Segment Open
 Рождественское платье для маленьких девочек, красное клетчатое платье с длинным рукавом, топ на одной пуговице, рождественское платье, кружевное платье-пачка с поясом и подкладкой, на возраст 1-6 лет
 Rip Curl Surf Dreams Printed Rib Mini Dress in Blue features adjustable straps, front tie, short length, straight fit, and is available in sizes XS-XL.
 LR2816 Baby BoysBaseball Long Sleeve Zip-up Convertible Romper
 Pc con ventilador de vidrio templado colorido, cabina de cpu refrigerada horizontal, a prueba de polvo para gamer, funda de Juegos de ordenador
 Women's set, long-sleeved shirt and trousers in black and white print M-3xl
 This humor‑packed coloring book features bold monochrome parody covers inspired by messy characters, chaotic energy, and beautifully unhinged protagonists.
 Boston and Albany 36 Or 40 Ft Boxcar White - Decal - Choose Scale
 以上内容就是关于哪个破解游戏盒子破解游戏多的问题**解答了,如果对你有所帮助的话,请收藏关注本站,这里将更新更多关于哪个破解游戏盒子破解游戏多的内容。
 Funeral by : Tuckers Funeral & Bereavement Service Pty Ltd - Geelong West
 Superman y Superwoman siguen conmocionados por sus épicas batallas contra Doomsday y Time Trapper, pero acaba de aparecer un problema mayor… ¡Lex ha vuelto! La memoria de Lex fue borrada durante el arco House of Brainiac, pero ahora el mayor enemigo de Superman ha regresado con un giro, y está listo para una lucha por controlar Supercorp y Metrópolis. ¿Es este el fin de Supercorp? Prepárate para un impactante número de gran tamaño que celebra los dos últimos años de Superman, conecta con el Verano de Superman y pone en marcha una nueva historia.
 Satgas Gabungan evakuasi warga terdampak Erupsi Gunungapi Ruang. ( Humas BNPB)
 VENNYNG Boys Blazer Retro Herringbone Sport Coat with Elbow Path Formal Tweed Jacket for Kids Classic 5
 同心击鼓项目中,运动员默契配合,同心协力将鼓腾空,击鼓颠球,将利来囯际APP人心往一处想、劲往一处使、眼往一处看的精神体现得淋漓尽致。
Segment Closed
*REQUIRED WORK*. The records above are to be duplicated in full and exactly.

*COMPLETED EXERCISE*.
 Рождественское платье для маленьких девочек, красное клетчатое платье с длинным рукавом, топ на одной пуговице, рождественское платье, кружевное платье-пачка с поясом и подкладкой, на возраст 1-6 лет
 Rip Curl Surf Dreams Printed Rib Mini Dress in Blue features adjustable straps, front tie, short length, straight fit, and is available in sizes XS-XL.
 LR2816 Baby BoysBaseball Long Sleeve Zip-up Convertible Romper
 Pc con ventilador de vidrio templado colorido, cabina de cpu refrigerada horizontal, a prueba de polvo para gamer, funda de Juegos de ordenador
 Women's set, long-sleeved shirt and trousers in black and white print M-3xl
 This humor‑packed coloring book features bold monochrome parody covers inspired by messy characters, chaotic energy, and beautifully unhinged protagonists.
 Boston and Albany 36 Or 40 Ft Boxcar White - Decal - Choose Scale
 以上内容就是关于哪个破解游戏盒子破解游戏多的问题**解答了,如果对你有所帮助的话,请收藏关注本站,这里将更新更多关于哪个破解游戏盒子破解游戏多的内容。
 Funeral by : Tuckers Funeral & Bereavement Service Pty Ltd - Geelong West
 Superman y Superwoman siguen conmocionados por sus épicas batallas contra Doomsday y Time Trapper, pero acaba de aparecer un problema mayor… ¡Lex ha vuelto! La memoria de Lex fue borrada durante el arco House of Brainiac, pero ahora el mayor enemigo de Superman ha regresado con un giro, y está listo para una lucha por controlar Supercorp y Metrópolis. ¿Es este el fin de Supercorp? Prepárate para un impactante número de gran tamaño que celebra los dos últimos años de Superman, conecta con el Verano de Superman y pone en marcha una nueva historia.
 Satgas Gabungan evakuasi warga terdampak Erupsi Gunungapi Ruang. ( Humas BNPB)
 VENNYNG Boys Blazer Retro Herringbone Sport Coat with Elbow Path Formal Tweed Jacket for Kids Classic 5
 同心击鼓项目中,运动员默契配合,同心协力将鼓腾空,击鼓颠球,将利来囯际APP人心往一处想、劲往一处使、眼往一处看的精神体现得淋漓尽致。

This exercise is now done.